These 2 Medical Device Stocks Are the “Money Printers” of the Next Decade!
Fellow investors, don’t panic about the recent pullback in medical device stocks! 📉 ISRG and DXCM are down 13% and 12% over the past year, underperforming the market big time. Tariffs, more competition, product recalls—bad news keeps piling up. But smart investors know: short-term market sentiment always hides the true value of great companies. Look past the current fog, and these two firms have rock-solid fundamentals, even more attractive than ever. If you’re willing to think long-term—10 years out—these stocks could be the steady money printers in your portfolio.
Over the past year, shares of medical device leaders Intuitive Surgical (ISRG) and DexCom (DXCM) have fallen 13% and 12% respectively, significantly underperforming the broader market. Tariff impacts, intensifying competition, product recalls… bad news seems to keep coming. But savvy investors understand that short-term market sentiment often masks the true value of high-quality enterprises. Beyond the current haze, the fundamentals of these two companies remain solid—even more attractive than ever before.
If you’re willing to look ahead to the next decade, these two stocks are highly likely to become a steady stream of “money printers” in your investment portfolio.
$Intuitive Surgical(ISRG)$: The Absolute King of Surgical Robots—Short-Term Headwinds Are Nothing to Fear
As the hegemon in the field of robot-assisted surgery, Intuitive Surgical did face troubles in 2025. On one hand, tariff policies eroded profits; on the other hand, Medtronic’s Hugo system received U.S. approval for urological surgeries, triggering market concerns about market share loss.
However, these challenges will not shake the company’s long-term foundation. First, global population aging is an irreversible mega-trend. By 2034, the number of people aged 65 and above in the U.S. will exceed those under 18 for the first time—meaning demand for minimally invasive surgery will grow exponentially, and Intuitive Surgical’s da Vinci system is the biggest beneficiary of this trend.

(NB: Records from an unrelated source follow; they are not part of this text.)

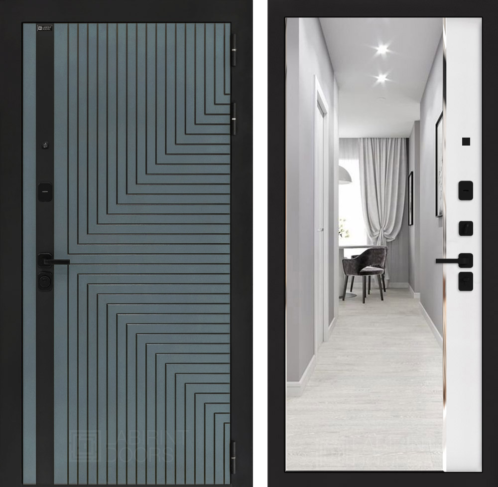 Отделка снаружи: Фрезерованная МДФ панель 10 мм, цвет «Velutto Verde» с патиной и вставкой из металла в цвет наличника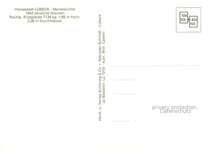 Luebeck 1942 zerstoerte Glocken in der Marienkirche Pulsglocke Luebeck postalisch nicht gelaufen 1921-1965 Erhaltung siehe scans [FriedD77] Frierer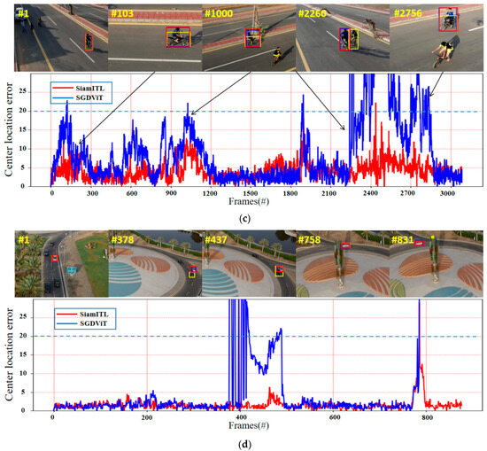 Visualization of tracking results on the UAVDT and UAV20L benchmark. The yellow frame represents SGDViT, the blue frame represents ground truth, and the red frame represents our method. The CLE below the purple dashed line (CLE < 20) is the success tracking in the test. The first frame of the sequence displays the initial state of the object. (a) S1606 subset. (b) S0301 subset. (c) Bike1 subset. (d) Car1_2 subset. The vertical coordinate. represents the Euclidean distance between the predicted box and the ground truth box, with the unit being the number of pixel points.

Second, the company has a wide and deep moat. The da Vinci system is expensive, and once a hospital purchases it and trains doctors to use it, the switching costs are extremely high. More importantly, Intuitive Surgical never stops innovating—iterations of its next-generation systems and continuous expansion of indications keep the company one step ahead of its competitors. Even with the entry of rivals like Medtronic, they can only grab a share of the incremental market, not shake Intuitive Surgical’s existing market share.
As for the tariff issue, with the company’s global installed base of over 11,106 units, its pricing power is strong enough to offset cost impacts through small price increases. As surgical volumes continue to rise, the growth engine for revenue and profits is far from stalling.
$DexCom(DXCM)$: The Leader in Continuous Glucose Monitoring—Huge Room for Penetration Growth
DexCom’s story is equally compelling. Last year, the company recalled some CGM receivers due to malfunctions, but this only affected a tiny number of patients and had minimal impact on the overall business. What’s truly worth watching is the huge growth opportunity behind the company. In the CGM market, DexCom and Abbott are regarded as the two giants, but penetration remains very low. In the U.S. alone, more than 9 million insured diabetes patients have not yet used CGM, while DexCom’s global total user base is only about 3.5 million—the gap between these two numbers is an untapped goldmine.
Even more exciting is that DexCom is expanding into non-diabetic populations. Its over-the-counter product Stelo, approved in 2024, has attracted more than 500,000 users since its launch. Over 40% of U.S. adults are in pre-diabetes—a nearly unlimited market. In the future, with product iterations, international market expansion, and expanded indications, DexCom’s growth ceiling will continue to rise.
Conclusion
Short-term volatility is a product of Mr. Market’s mood, not a true reflection of a company’s value. The current slump of Intuitive Surgical and DexCom has precisely provided a rare buying window for long-term investors. Over the next decade, multiple drivers—aging demand, technological innovation, and rising market penetration—will push these two medical device leaders to continuously generate cash flow. Don’t be fooled by the recent drop; they are the real “money printers” worth holding for 10 years.